All posts

How to Remove Fake Google Reviews in Canada: The Complete Guide for Ontario Business Owners

Fake Google reviews are illegal in Canada under the Competition Act. Here's how to identify them, report them, escalate when Google won't act, and protect your rating for good.

The Bloom team · July 15, 2026 · 10 min read

How to remove fake reviews

How to Remove Fake Google Reviews in Canada: The Complete Guide for Ontario Business Owners

Fake reviews aren't just annoying. Under Canadian law, they're illegal. Here's how to spot one, report it, escalate it when Google drags its feet, and make sure it stops being able to hurt you.

Tanzim Hoque, Founder of Bloom Reviews · July 2026


If you've ever opened your Google Business Profile and found a one-star review from someone you've never heard of, with no order, no booking, no name you recognize, you already know how helpless it feels. It sits there next to your real reviews, dragging your average down, and Google's process for dealing with it can feel like shouting into a void.

Here's what most guides on this topic won't tell you: if you're a business owner in Mississauga, Brampton, Toronto, or anywhere else in Canada, fake reviews aren't just a platform problem. They're a legal one. The Competition Bureau has been actively enforcing against fake and misleading reviews for years, and the penalties are real. That changes both how seriously you should take this and what your options actually are.

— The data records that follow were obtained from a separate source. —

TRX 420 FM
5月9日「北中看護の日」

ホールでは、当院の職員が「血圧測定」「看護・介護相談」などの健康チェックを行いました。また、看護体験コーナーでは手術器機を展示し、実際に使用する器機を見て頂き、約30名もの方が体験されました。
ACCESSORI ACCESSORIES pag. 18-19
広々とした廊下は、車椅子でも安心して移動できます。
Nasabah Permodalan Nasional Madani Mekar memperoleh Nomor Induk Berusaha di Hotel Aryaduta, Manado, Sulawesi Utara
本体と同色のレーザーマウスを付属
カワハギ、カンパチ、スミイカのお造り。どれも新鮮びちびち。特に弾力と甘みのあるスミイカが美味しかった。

This guide covers all of it: how to tell a fake review from a genuinely bad experience, the exact steps to report one to Google, what to do when Google's first response isn't enough, the legal backdrop in Canada, and, most importantly, how to make sure a fake review can never do serious damage to your business again.

Is It Actually Illegal to Post a Fake Review in Canada?

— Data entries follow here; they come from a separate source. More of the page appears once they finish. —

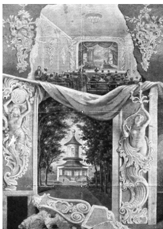
Выксунский театр. Репродукция художника Волкова.

Теперь о первом здании Выксунского театра. На наше счастье, сохранилось его изображение.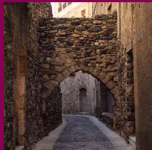
Carrer dels Jueus, de Montblanc.

Blanes, Gaziel a Sant Feliu de Guíxols, Moncada a Mequinensa, Bladé a l'Ebre o Pla a l'Empordà, per citar-ne alguns de molt emblemàtics que han contribuït a dibuixar la nostra geografia literària.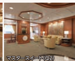
マスタースイート(Q2)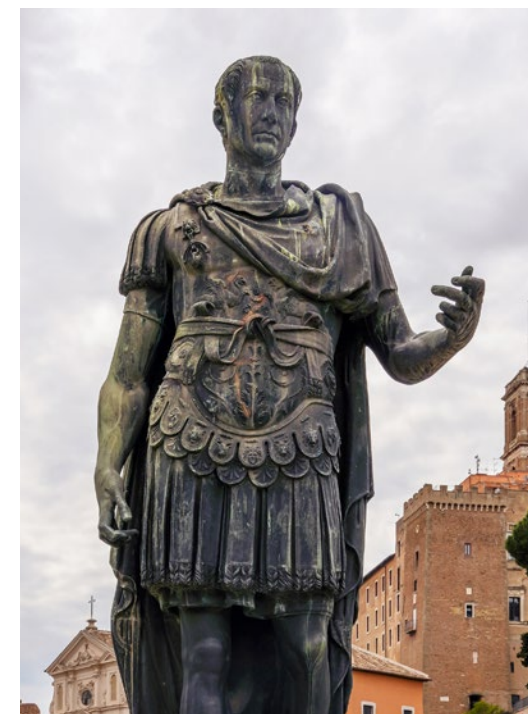
Statue av Julius Caesar i Via dei Fori Imperiali, Roma.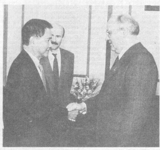
Перед началом беседы.

19 июля М. С. Горбачев принял секретаря по иностранным делам Республики Филиппины Р. Манглауса. Он передал М. С. Горбачеву личное послание президента К. Акино. Приветствуя гостя, М. С. Горбачев охарактеризовал его первый официальный визит в СССР как важное событие в советско-филиппинских отношениях. Мы ценим связи с этой страной, вознившие и получившие развитие в последние годы. Улучшение советско-филиппинских отношений отвечает интересам двух стран, мира и безопасности в Азии и на Тихом океане. Советский Союз, продолжал М. С. Горбачев, придает большое значение процессам, идущим в азиатско-тихоокеанском регионе. Эти процессы приобретают динамику, позитивную направленность. Мы готовы сотрудничать со всеми без исключения странами этого огромного и сложного региона. На основе такого общего подхода СССР предпринимает практические шаги, направленные на ослабление военного противостояния, в АТР, готов обсуждать со всеми заинтересованными странами любые вопросы, относящиеся к укреплению безопасности государств, к мерам доверия, урегулированию региональных конфликтов. Р. Манглаус, отметив новый характер советско-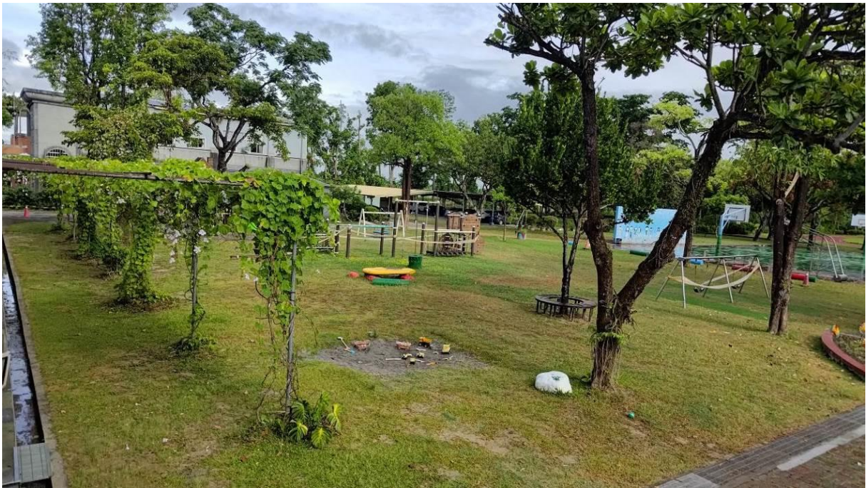
建立綠化美化校園，讓師生在舒適抗壓的環境下活動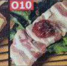
キムチチーズ豚巻き串 78B กิมจิชีสเสียบไม้ Kimchi cheese pork skewers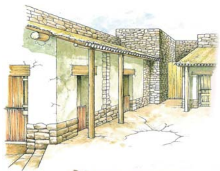
Restitució de l'interior de Puig de Castellet vist des de l'oest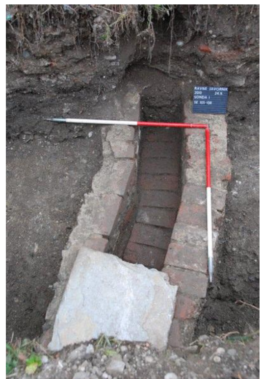
Opečnat kanal s kamnito ploščo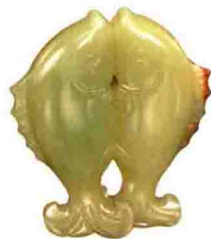
褐皮黄玉“年年有余” 成交价: GBP 50,000

玉器市场水很深，不读本书千万别进场买货 店里买不到的，拍场就能买；店里买得到的，拍场不挨宰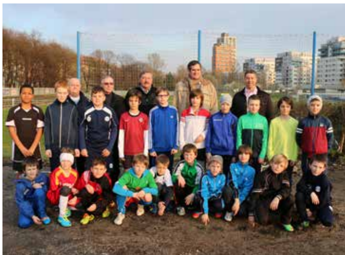
Mladé naděje TJ Praga Vysočany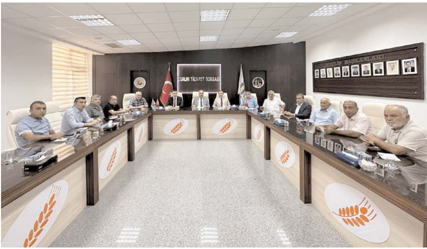
Toplantıda çiftçilerin sorun ve talepleri ele alındı.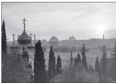
Jeruzalém z hory Olivetské

Svátek Vzkříšení Kristova, před kterým rok co rok dochází k popisované události, je pro křesťany největším svátkem, symbolem vítězství Spasitele nad hříchem a smrtí, počátkem nového, vykoupeného a naším Pánem Ježíšem Kristem posvěceného světa. Zázrak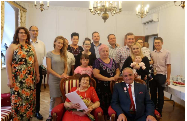
Jubileusz Państwa Hałuszczaków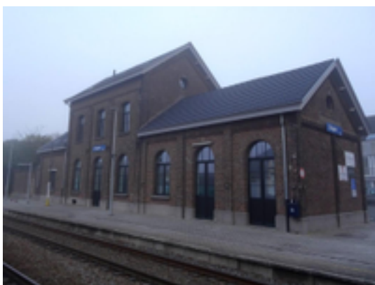
Afbeelding 12: Station Zingem

Station. Typisch plattelandstationnetje op de lijn Gent-Oudenaarde, ingehuldigd in 1857. Eerste stationsgebouw ingeplant ten zuiden van de overweg en de Kruishoutemsesteenweg, voor het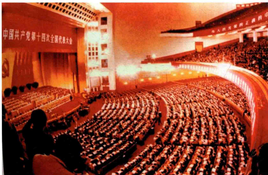
中国共产党第十四次全国代表大会提出加强立法工作,严格执行宪法和法律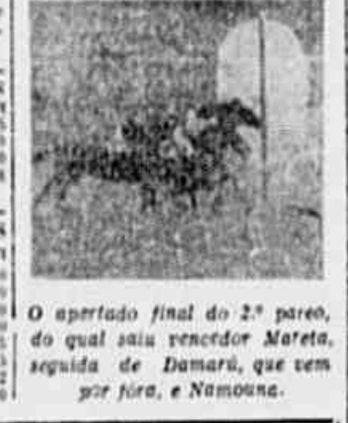
O apertado final do 2.º pareo, do qual saiu vencedor Mateta, seguida de Damara, que vem por fora, e Namouna.

AS NOSSAS INDICAÇÕES PAYAL — CAMGÊS — RATAPLAN CAYENA — ENFAS — GALIARDO ELEITA — CARIOCA — SAGIBEI AMORA — DARLBE — ANAPOLO FLA-FLU — SUPRISE — TRENOL BROADWAY — PANCHE — SOCRATES EXPEDICTUS — GLADIADOR — TUPAN FONTAINE — ARGENTINA — FAVINHA SALMON — ARK ROYAL — SOBRO

Yes. This is the part almost nobody talks about.

Under section 52 and section 74.01 of the federal Competition Act, it's illegal to make a representation to the public that is false or misleading in a material respect, and Canadian courts have confirmed this includes online reviews and testimonials. The Act prohibits knowingly or recklessly making a representation to the public that is false or misleading in a material respect, for the purpose of promoting a product, service, or business interest, by any means whatever.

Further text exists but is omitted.